What to notice when running the sample
The sample compares pipelines rather than isolated transformations. This is important because feature processing is part of model training. SelectKBest, RFE, PCA, and KernelPCA all learn something from data. They should be fit only on training folds during cross-validation.
Notice the tradeoff between interpretability and compression. SelectKBest and RFE keep original feature columns, so you can still say which measured variables were used. PCA and Kernel PCA create new components. Those components may improve compression or performance, but they are less directly explainable.
Also notice that more transformation is not automatically better. If the all-features Ridge model performs well, selection or extraction may not improve MAE. Dimensionality reduction is a tool for managing noise, redundancy, cost, and complexity; it is not a guaranteed upgrade.
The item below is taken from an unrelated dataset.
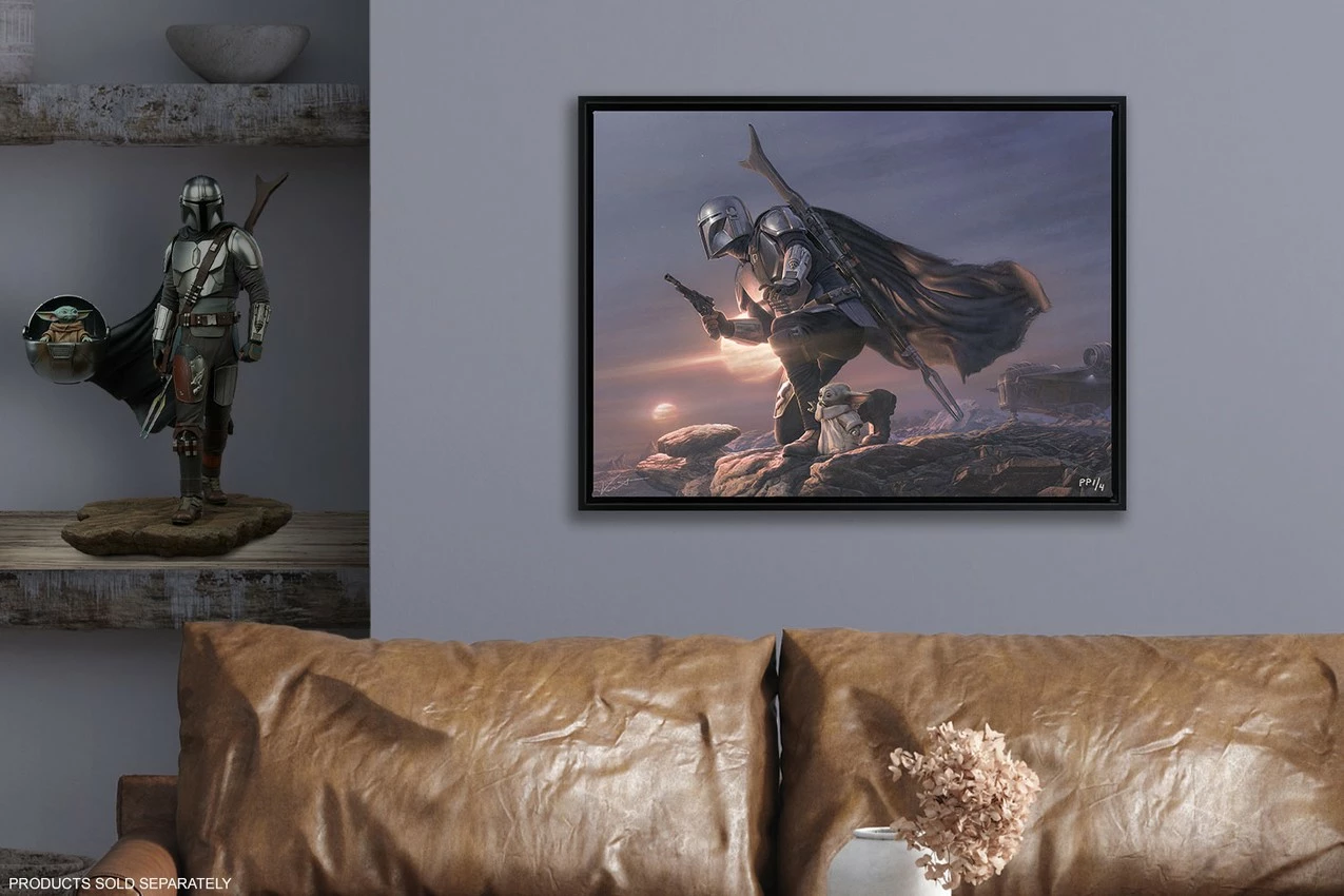 Each Din Djarin & Grogu: A Clan of Two Canvas Art Print features an authorized, automated artist signature and includes a Certificate of Authenticity as a part of the limited edition of 150 pieces. The canvas also comes professionally finished with certified archival varnish and a black wood floating frame complete with wire hanger for ease of display. Inspired by The Mandalorian and Grogu Premium Format™ Figure by Sideshow, this breathtaking Star Wars wall art will make a treasured addition to any collector’s own clan.

Common feature-processing traps
The biggest trap is fitting selectors or PCA before cross-validation. That leaks information because the transformation has already seen all rows, including validation rows. The second trap is selecting features based only on statistical scores without considering whether they are available, stable, ethical, and meaningful.
A third trap is forgetting the deployment pipeline. If the production system cannot compute a selected feature reliably, that feature is not useful no matter how predictive it was in an experiment.
The module in one journey
Feature selection reduces complexity by keeping useful original columns. Feature extraction reduces complexity by creating new representations. PCA is linear and efficient. Kernel PCA is nonlinear and more flexible. Pipelines keep the process honest.
The best approach depends on the goal. If interpretation matters, selection may be preferable. If compression and predictive performance matter, extraction may help. If deployment simplicity matters, fewer stable features may beat a clever transformation.